Jason responded on 06 Jul 2008 at 4:16 pm #
Ice with fractal dimensionality? Like a snowflake? http://en.wikipedia.org/wiki/Koch_snowflake
jmizz responded on 08 Jul 2008 at 3:50 am #
trade-off—watered down drinks!
jonathan responded on 29 Jul 2008 at 12:11 pm #
you could always hit the ice with a sledge hammer to increase it’s surface area. =)
i wonder if the ice tray engineers specifically tried to get these ice shapes to have similar surface areas so that they’d behave similarly for all party goers.
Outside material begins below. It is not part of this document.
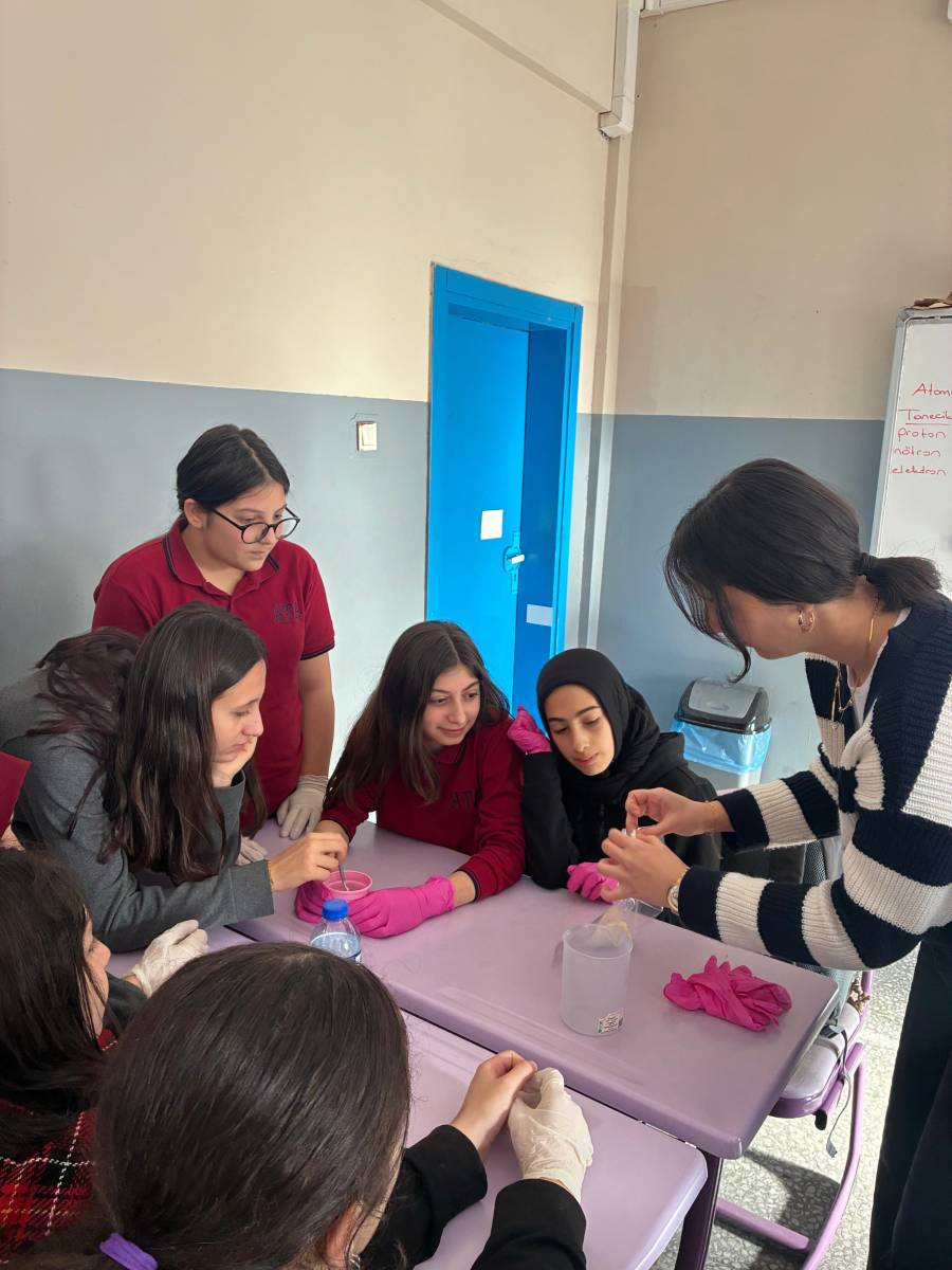 Etkinlikte, çeşitli meyveler kullanılarak DNA izolasyonu gerçekleştirilmiş; DNA’nın yapısı, önemi ve bilimsel çalışmalardaki yeri öğrencilere sade ve anlaşılır bir dille aktarılmıştır. Uygulamalı çalışma sayesinde öğrenciler, bilimsel bir deney sürecini yakından gözlemleme ve aktif olarak deneyimleme fırsatı bulmuştur.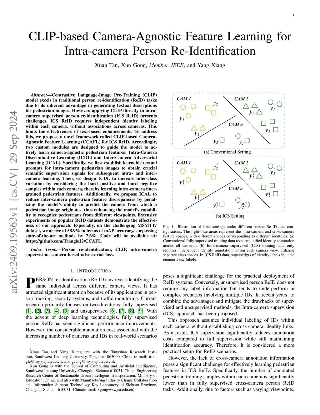 CLIP-based Camera-Agnostic Feature Learning for Intra-camera Person

in college a, couple friends had the “+” trays and also the ones that look like discs with holes in the center, annular extrusions. the outer annular diameter of the ice shape was just a hair smaller then the inner diameter of the main cylinder on their upright water-filtered smoking apparatus. although i’m a non-smoker, i could still take pride in their discovery; it looked really neat.
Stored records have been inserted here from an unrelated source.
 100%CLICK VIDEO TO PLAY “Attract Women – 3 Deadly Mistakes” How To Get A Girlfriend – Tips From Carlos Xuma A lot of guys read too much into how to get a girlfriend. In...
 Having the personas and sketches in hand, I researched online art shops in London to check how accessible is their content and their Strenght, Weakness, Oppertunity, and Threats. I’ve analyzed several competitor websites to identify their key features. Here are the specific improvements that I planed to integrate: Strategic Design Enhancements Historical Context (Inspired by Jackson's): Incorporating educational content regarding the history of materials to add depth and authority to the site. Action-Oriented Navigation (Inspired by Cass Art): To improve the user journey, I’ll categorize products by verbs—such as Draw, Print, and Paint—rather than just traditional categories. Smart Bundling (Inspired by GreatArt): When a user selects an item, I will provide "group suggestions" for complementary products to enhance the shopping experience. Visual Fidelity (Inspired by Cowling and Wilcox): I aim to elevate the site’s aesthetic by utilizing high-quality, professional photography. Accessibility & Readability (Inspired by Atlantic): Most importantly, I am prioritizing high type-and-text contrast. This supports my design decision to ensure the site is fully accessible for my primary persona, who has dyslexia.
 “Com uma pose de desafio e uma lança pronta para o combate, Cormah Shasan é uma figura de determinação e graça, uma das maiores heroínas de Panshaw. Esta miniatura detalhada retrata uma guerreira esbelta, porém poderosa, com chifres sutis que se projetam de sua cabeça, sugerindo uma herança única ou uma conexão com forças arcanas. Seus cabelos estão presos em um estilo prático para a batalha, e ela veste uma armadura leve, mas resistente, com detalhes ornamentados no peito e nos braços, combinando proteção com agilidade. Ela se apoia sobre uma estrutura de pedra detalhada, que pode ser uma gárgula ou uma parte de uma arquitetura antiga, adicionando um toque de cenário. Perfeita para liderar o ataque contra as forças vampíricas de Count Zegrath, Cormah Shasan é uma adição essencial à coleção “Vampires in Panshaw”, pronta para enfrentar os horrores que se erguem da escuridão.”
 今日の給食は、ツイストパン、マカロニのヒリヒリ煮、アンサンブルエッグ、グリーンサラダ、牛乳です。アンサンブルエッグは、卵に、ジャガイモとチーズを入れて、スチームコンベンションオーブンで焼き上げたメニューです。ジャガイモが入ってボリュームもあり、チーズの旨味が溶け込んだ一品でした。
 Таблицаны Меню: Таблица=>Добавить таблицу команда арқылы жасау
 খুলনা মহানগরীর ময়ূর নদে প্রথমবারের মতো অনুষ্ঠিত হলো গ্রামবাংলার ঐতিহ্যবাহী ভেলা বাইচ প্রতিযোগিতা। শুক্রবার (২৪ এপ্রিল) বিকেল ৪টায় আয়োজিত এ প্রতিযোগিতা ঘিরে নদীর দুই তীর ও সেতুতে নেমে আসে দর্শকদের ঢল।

Melissa T. G. responded on 11 Nov 2009 at 12:31 am #
I got in an argument w/ my boyfriend about almost the same problem. I was thinking of it in a similar way to what you were talking about, except I wanted to SLOW the melting of the ice (thus the watering down of the drink), in order to keep the drink cool for the longest time for the least wateriness factor. Based on sipping iced coffee over a number of hours on a warm day. Our ice cubes, btw, are spheres, which I think are best and also awesome. A little hard to make, though.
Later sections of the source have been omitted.